In November 1974, during his famous months-long Lost Weekend estrangement from Yoko Ono, John Lennon famously did a lot of drinking at the Troubadour in West Hollywood with Harry Nilsson. On one occasion, they were thrown out for loudly urging the Smothers Bros., on stage at the time, to fuck a cow. On another, a drunken Lennon, having zanily affixed a sanitary napkin to his forehead, asked a waitress who was clearly not enjoying serving him if she knew who he was. “Yes,” she is said to have said, “an asshole with a Kotex on his head.”

Nearly 36 years after the fact, FAITP is able to disclose that the quick-witted waitress, Jacqueline (Jacqui) Ginsberg, now a successful chiropodist in Marin County, California, didn’t actually say that at all. “What I said,” she recalls, “was, ‘Yeah, an asshole.’ I did know who he was — I’d been a huge Beatles nut, though more of a George person — but was too intimidated for long-windedness.”

She wonders if the Kotex addendum was the work of the same unseen press agent responsible for Lennon’s own famous quote from Foyle’s Literary Luncheon in 1964. Following the publication of In His Own Write, a collection of his Thurberish cartoons and pun-filled prose, the then-Beatle was feted by London’s most prestigious bookseller. After lunch, he was supposed to get up and address the assembled literati. He stumbled up to the dais, mumbled, “Uh, thank you all very much. God bless you,” and returned to his seat. In the papers, though, he was reported to have cheekily advised his audience, “You have a lucky face,” as English beggars used to do when someone dropped a coin in their cups.

Months after the incident, attorney Gloria Allred, who’d heard about the incident in Rolling Stone, managed to deduce from interviews with members of the Troubadour staff that it had been Ginsberg who’d let fly the celebrated Kotex quip. She urged her to allow him to file suit against the former Beatle, alleging that he’d caused her emotional distress, “but it just didn’t seem right at the time. If one of us suffered emotional distress, it was John, who obviously wasn’t used to being spoken to as I’d spoken to him, and who was visibly bummed until he sneaked out of the club maybe 15 minutes later after leaving me a $20 tip.”

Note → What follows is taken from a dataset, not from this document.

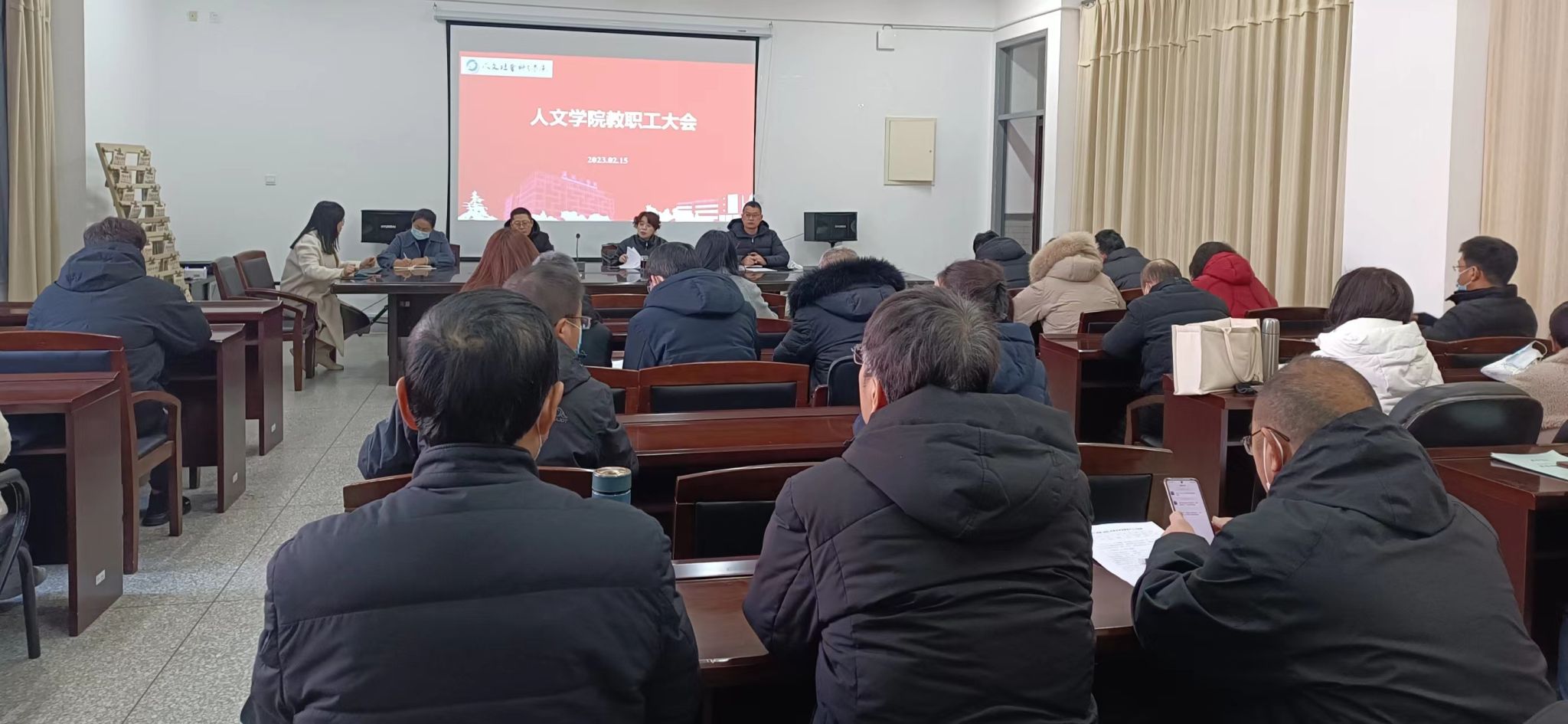 2月15日下午,在仁和楼A304会议室,公司召开春学期第一次教职工大会,回顾总结2022年工作,安排部署2023年重点工作任务。会议由公司经理周晓燕主持,全体教职工参加。

It was only 15 months later, after discovering she was pregnant by one (or another!) of the club’s bartenders, that Ginsberg reconsidered. She was crestfallen to learn, though, that a statute of limitations precluded her suing for emotional distress more than one year after the precipitant incident. She had her daughter, Pisces, out of wedlock, was disowned by her mortified Jewish parents, and fought alcoholism while trying to establish herself as an astrologist to the country rock stars.

Eventually, she realized, as all rational people ultimately must, that astrology is sheerest poppycock, and got herself a job in the human resources department of a company that manufactured what were called floppy disks even though many of them — the smaller ones — were actually quite rigid. She was wooed by and wed the company’s warehouseman, who’d been more of a Paul person, and from whom she kept her participation in the famous Lennon/Kotex incident secret for years. “I was surprised,” she admits, “by how, well, arousing he found the whole thing when I did finally tell him; our sex life took a real upswing there for about a month.”

Following their divorce, Ginsberg studied chiropody first by mail and then on line before becoming a licensed chiropodist in mid-1993. “Ever since the Troubadour days, when I was on my own for hours at a stretch, I’ve been fascinated by feet.

“Without them, what would we stand on?”